RECORDED INFORMATION section start
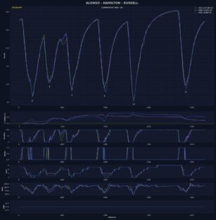 Πίσω από τον Alonso είχε βρεθεί ο Lewis Hamilton με τη Mercedes, όντας περίπου 3 δέκατα του δλ. ταχύτερος από τον team-mate του, George Russell, παρότι η W14 είχε δυσκολίες να αναπτύξει τις ιδανικές θερμοκρασίες λειτουργίας στα εμπρός ελαστικά τους. Ο Esteban Ocon θα βρεθεί στην 6η θέση εκκίνησης αύριο με την Alpine, εμπρός από τον Lando Norris με τη McLaren. H βρετανική ομάδα είδε και τα δύο μονοθέσιά της στην πρώτη δεκάδα, αλλά το ατύχημα του Piastri δεν ήταν ιδανικό.
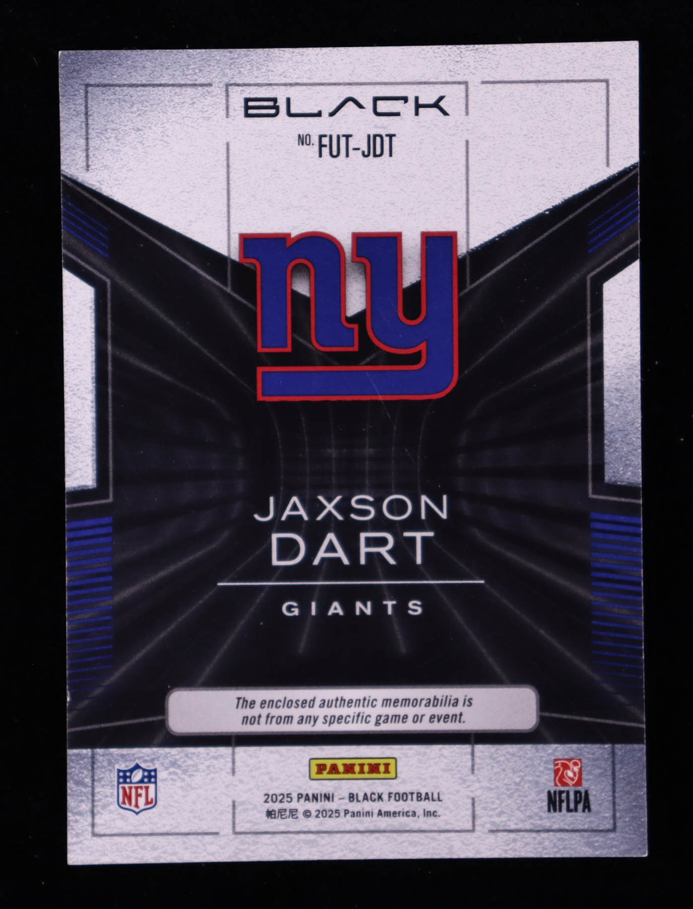 Jaxson Dart 2025 Panini Black Futuristic Jerseys #22 RC #195/199
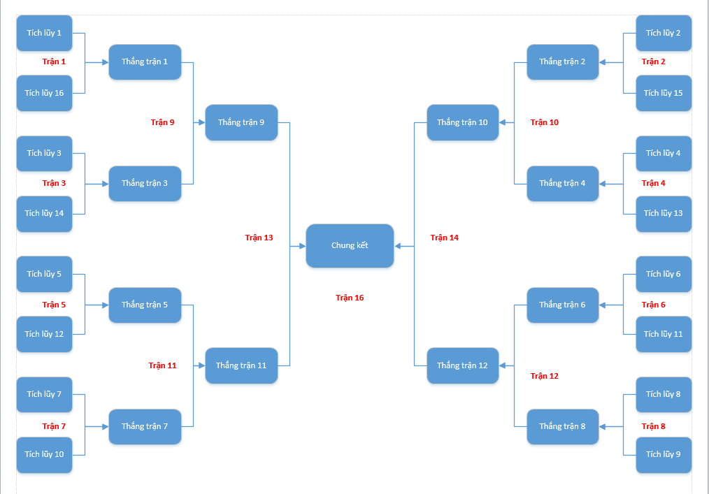| 5 | Đội tích lũy hạng 5 | Đội tích lũy hạng 12 | 13h00 | Đấu trường 2 |
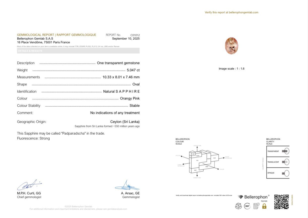 A rare 5.00 carat Oval Padparadscha Sapphire, unheated and of Sri Lankan origin. Its enchanting pinkish‑orange hue and exceptional sparkle make it perfect for extraordinary fine‑jewelry creations. Stable Color
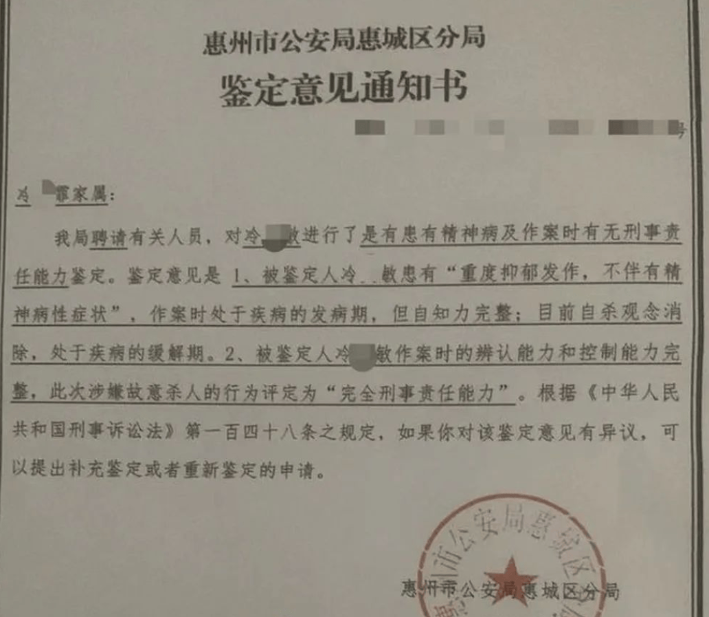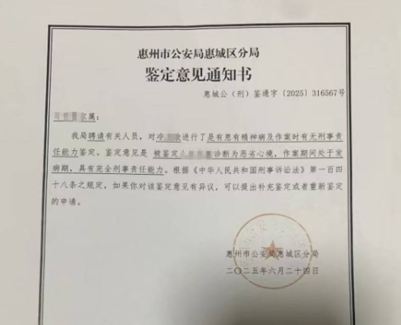 2025年4月、6月,惠州警方分别给冷某敏做了精神鉴定,第一次鉴定显示:冷某敏作案时重度抑郁发作,但辨认能力和控制能力完整,因此故意杀人行为被评定为“完全刑事责任能力”。第二次鉴定显示:冷某敏被诊断为恶劣心境,作案期间处于发病期,具有完全刑事责任能力。
RECORDED INFORMATION section end
ACTIVITY. Please transcribe, with no additions, the lines starting at the one that contains "Jaxson Dart 2025" and running through the last line of the entries, inclusive. Leave the pictures out.

SOLUTION FOR THIS EXERCISE.
 Jaxson Dart 2025 Panini Black Futuristic Jerseys #22 RC #195/199
| 5 | Đội tích lũy hạng 5 | Đội tích lũy hạng 12 | 13h00 | Đấu trường 2 |
 A rare 5.00 carat Oval Padparadscha Sapphire, unheated and of Sri Lankan origin. Its enchanting pinkish‑orange hue and exceptional sparkle make it perfect for extraordinary fine‑jewelry creations. Stable Color
 2025年4月、6月,惠州警方分别给冷某敏做了精神鉴定,第一次鉴定显示:冷某敏作案时重度抑郁发作,但辨认能力和控制能力完整,因此故意杀人行为被评定为“完全刑事责任能力”。第二次鉴定显示:冷某敏被诊断为恶劣心境,作案期间处于发病期,具有完全刑事责任能力。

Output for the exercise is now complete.